About this task — With the pictures left aside, write out exactly the lines of the listing below from the line with "The weird housewife" to the line with "Der berühmteste Detektiv", both included, and only those.

Records for the exercise —
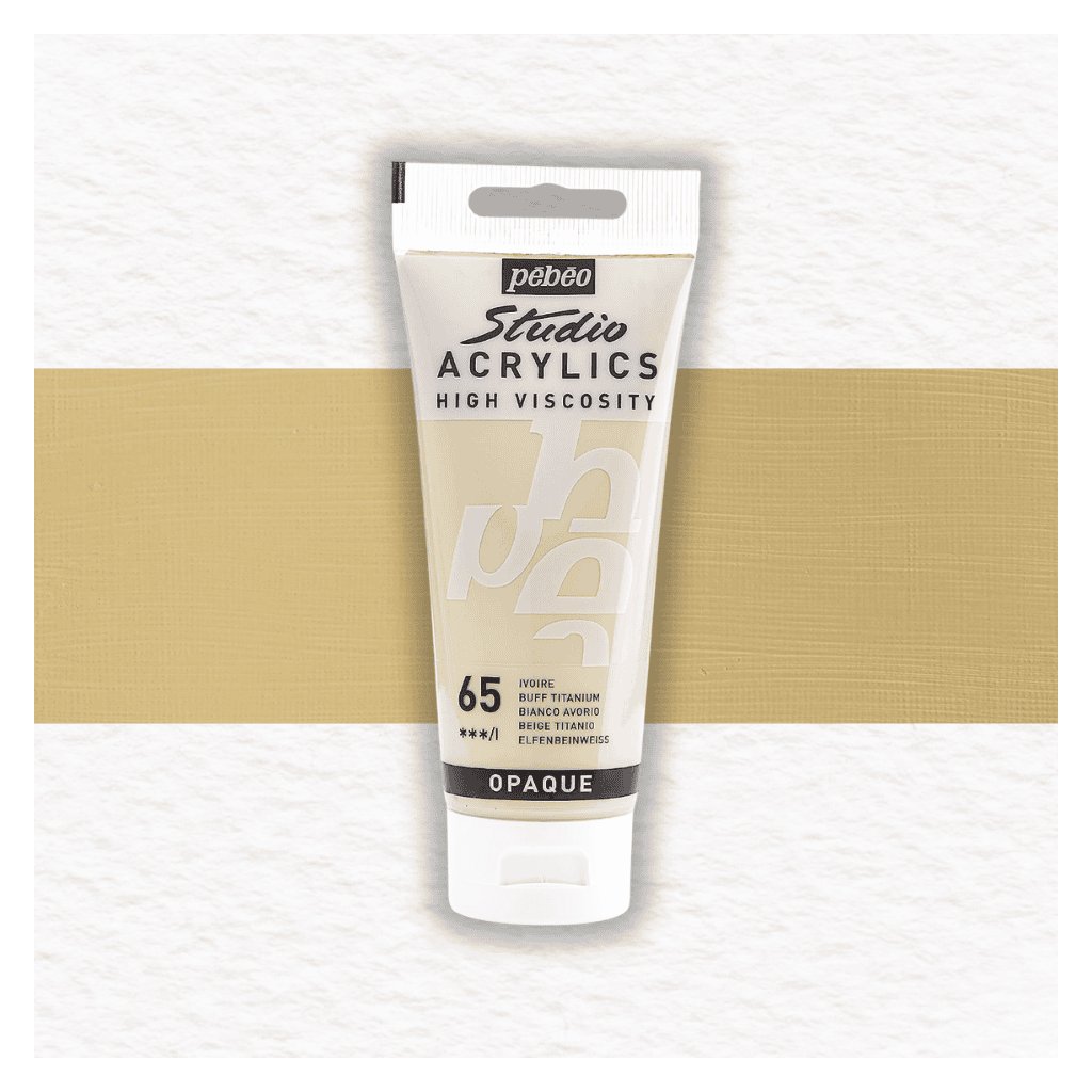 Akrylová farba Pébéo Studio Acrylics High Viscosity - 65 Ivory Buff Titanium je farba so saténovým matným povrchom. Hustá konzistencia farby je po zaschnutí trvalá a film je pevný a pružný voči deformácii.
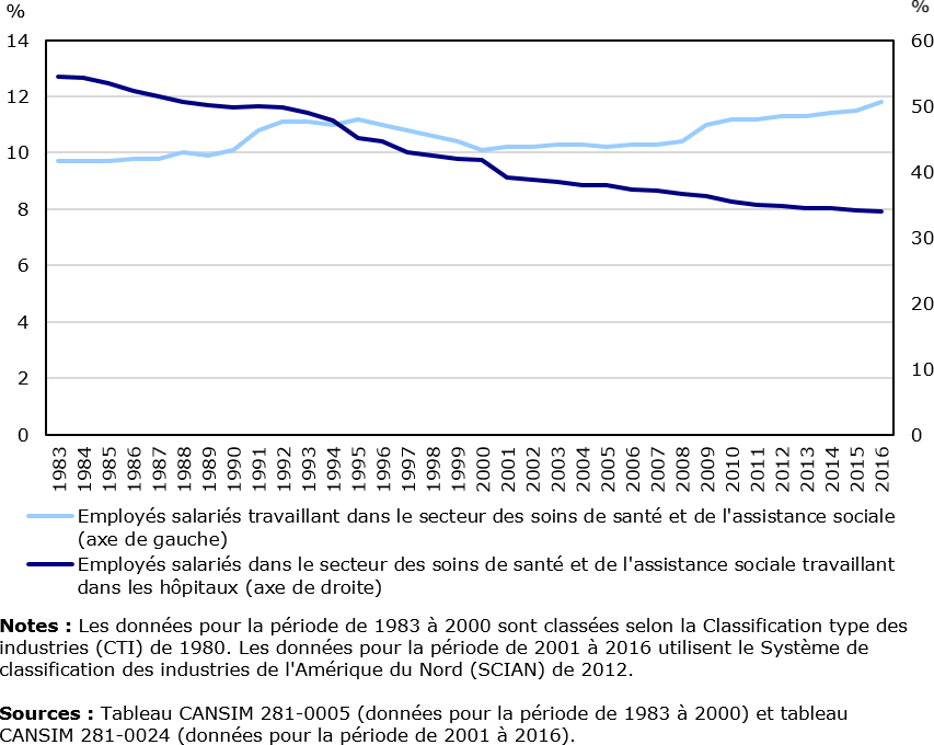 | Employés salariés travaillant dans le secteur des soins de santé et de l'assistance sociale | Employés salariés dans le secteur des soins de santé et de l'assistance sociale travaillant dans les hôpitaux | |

--

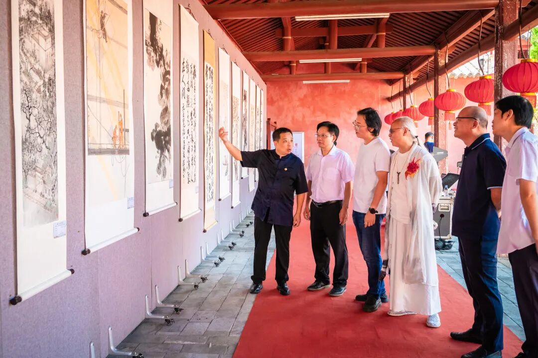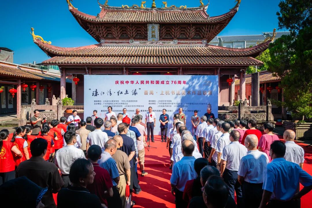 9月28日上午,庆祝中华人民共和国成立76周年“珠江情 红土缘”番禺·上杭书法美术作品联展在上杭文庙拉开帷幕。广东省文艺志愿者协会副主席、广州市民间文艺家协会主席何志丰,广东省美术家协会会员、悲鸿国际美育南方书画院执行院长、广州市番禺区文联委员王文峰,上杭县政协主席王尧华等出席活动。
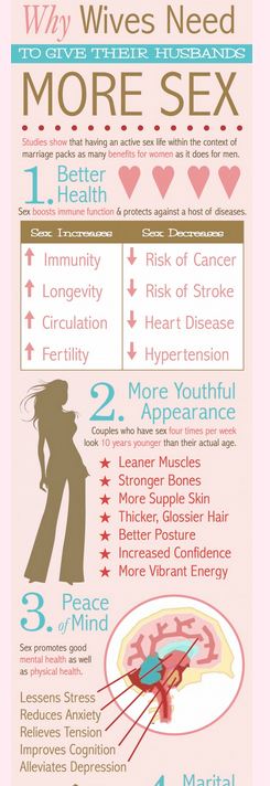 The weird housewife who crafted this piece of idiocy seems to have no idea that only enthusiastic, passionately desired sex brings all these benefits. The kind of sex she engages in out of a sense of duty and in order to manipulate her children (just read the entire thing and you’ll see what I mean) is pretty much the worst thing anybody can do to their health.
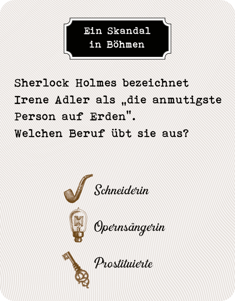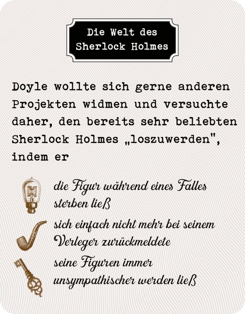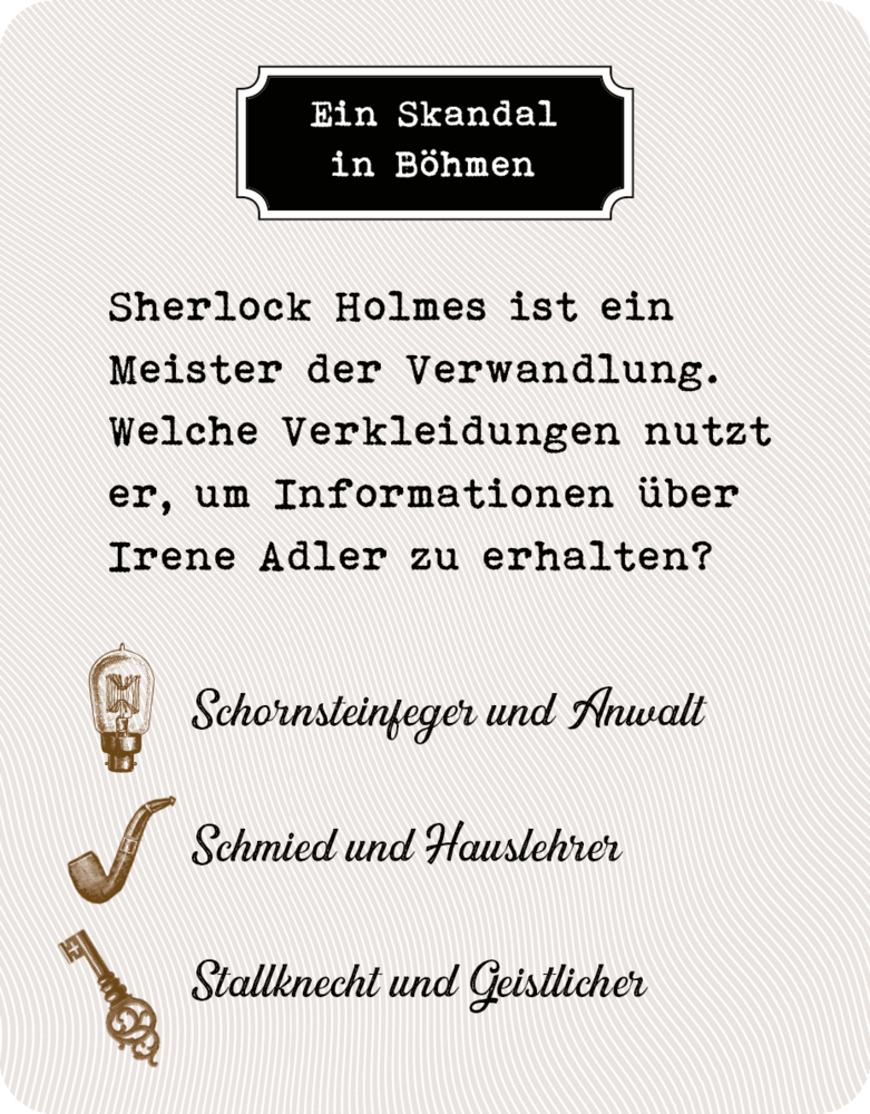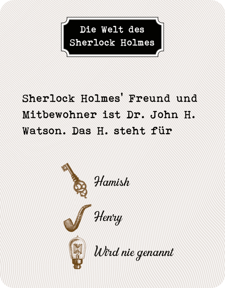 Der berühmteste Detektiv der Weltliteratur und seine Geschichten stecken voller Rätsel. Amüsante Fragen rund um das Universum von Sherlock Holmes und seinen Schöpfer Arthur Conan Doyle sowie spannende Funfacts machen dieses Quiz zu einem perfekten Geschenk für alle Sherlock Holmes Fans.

The completed task —
 The weird housewife who crafted this piece of idiocy seems to have no idea that only enthusiastic, passionately desired sex brings all these benefits. The kind of sex she engages in out of a sense of duty and in order to manipulate her children (just read the entire thing and you’ll see what I mean) is pretty much the worst thing anybody can do to their health.
 Der berühmteste Detektiv der Weltliteratur und seine Geschichten stecken voller Rätsel. Amüsante Fragen rund um das Universum von Sherlock Holmes und seinen Schöpfer Arthur Conan Doyle sowie spannende Funfacts machen dieses Quiz zu einem perfekten Geschenk für alle Sherlock Holmes Fans.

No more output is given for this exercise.